5/22/2018  |   11:15 - 11:30   |  320

HYDROLOGIC, MORPHOLOGIC, AND WATER QUALITY EFFECTS OF RURAL DEVELOPMENT IN STREAMS OF THE SOUTHERN BLUE RIDGE MOUNTAINS Studying effects of low-density rural development on aquatic systems can elucidate the role of stream stressors on water quality in the absence of large-scale hydrologic changes. We conducted several cross-landscape studies of streams in the exurbanizing but largely rural landscape of the southern Appalachians. Valleys typically feature small farms, rural residences, and riparian alteration, whereas hillslopes feature mature forests with occasional intrusions by recent mountain developments. The region has high topographic and mesoclimate variability.

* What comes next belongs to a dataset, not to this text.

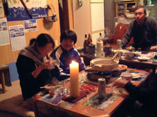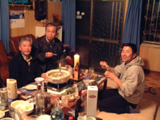 ![]() 25日 49号線より磐梯山(左奥が磐梯山〜右奥に櫛ヶ峰・手前に赤埴山) スキー場(左が猪苗代・右がミネロです) ![]() 外はポカポカ陽気であります 雪解けが進 川上の離れ屋 ![]() 現在の離れ屋の風景 ![]() 冬景色に焚き火(何とも言えない情感が) ![]() Nabeちゃんが秋元湖までスノーハイク ![]() Takaちゃんが挨拶に来た スノーブリッジ ![]() ![]() ![]() ![]() ![]() ![]() ![]() ![]() 明日の磐梯山登山の前夜祭で盛り上がる ポカポカ陽気に誘われて川上の離れ屋で磐梯山登山の前夜祭を開く 総勢10名の参加 遠くは仙台からNabeちゃんが持ちきれないほどお土産を差し入れてくれました Nabeちゃんご馳走様です 今日は参加メンバーが持参した飲み物と食材でテーブルが溢れんばかり 太い自家製ローソクはNebeちゃんの力作 明日の天候が心配と話していたのは盛り上がる前の数時間 飲み始めてTensionが上がると明日の天気はどうにでも??楽しい談義に終始した 明日の登山はどうなるものか (^O^) 何時寝たかも解らなくお休みなさい・・・・飲み疲れました・・・SEI 戻 る |

Conversion of forested riparian zones to pastures or grasses profoundly changed channel structure by reducing channel widths and the frequency of step features. Wood counts were low in all streams with nearby human habitation, apparently due to direct wood removal. Sediment yields increased with basin development, the exception was the one urban stream with very low sediment yields. Big river sites suggested continued mobilization of legacy sediments. Specific conductance was idiosyncratic and not well correlated with basin land use. Catchment disturbance strongly influenced dissolved inorganic nitrogen (DIN) export and modified the seasonal pattern of DIN concentration. Water quality changes wrought by low density rural development influenced the presence/absence of focal native stream taxa.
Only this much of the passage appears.